**EXERCISE DETAILS:** Would you restate each line of the data below word for word, without its pictures?

**EXERCISE DATA:**
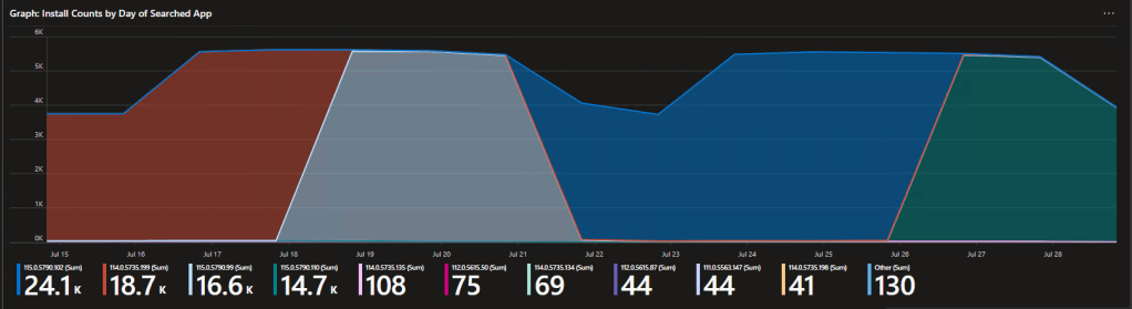 Here we can see Chrome has rolled out 4 recent updates. The color for the old version subsides and the new version takes over. That dip in the middle is a weekend, as not as many devices are online to report in over weekends, thus the total amount of X version seen those days went down.
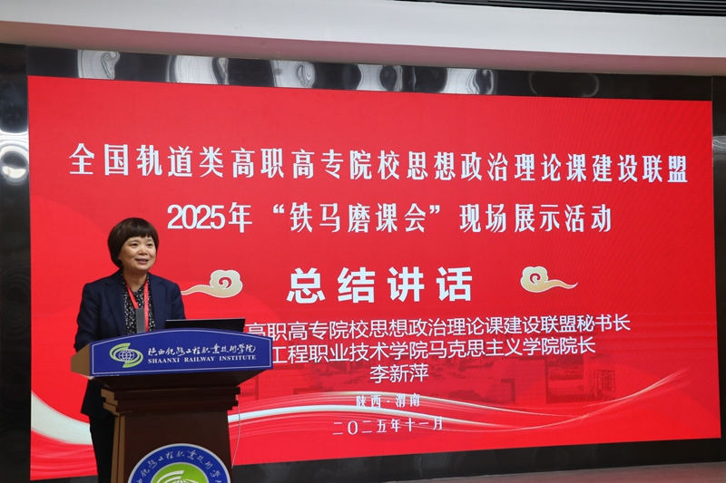 开幕式上,全国轨道类高职高专院校思想政治理论课建设联盟会长、学校党委书记焦胜军致辞,介绍了学校“铁色铸魂”思政工作体系及育人成果。陕西师范大学阎树群教授作专题讲座,深入阐释习近平新时代中国特色社会主义思想。教学展示环节分骨干教师组和青年教师组,20名选手融入轨道交通行业案例,以板书展示、沉浸式课件教学等形式展现教学风采,专家评委针对性提出优化建议。
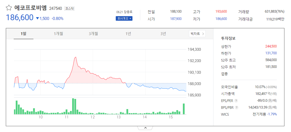 에코프로비엠의 뜨거운 반등을 기대하며 시작하겠습니다.

**TASK RESULT:**
 Here we can see Chrome has rolled out 4 recent updates. The color for the old version subsides and the new version takes over. That dip in the middle is a weekend, as not as many devices are online to report in over weekends, thus the total amount of X version seen those days went down.
 开幕式上,全国轨道类高职高专院校思想政治理论课建设联盟会长、学校党委书记焦胜军致辞,介绍了学校“铁色铸魂”思政工作体系及育人成果。陕西师范大学阎树群教授作专题讲座,深入阐释习近平新时代中国特色社会主义思想。教学展示环节分骨干教师组和青年教师组,20名选手融入轨道交通行业案例,以板书展示、沉浸式课件教学等形式展现教学风采,专家评委针对性提出优化建议。
 에코프로비엠의 뜨거운 반등을 기대하며 시작하겠습니다.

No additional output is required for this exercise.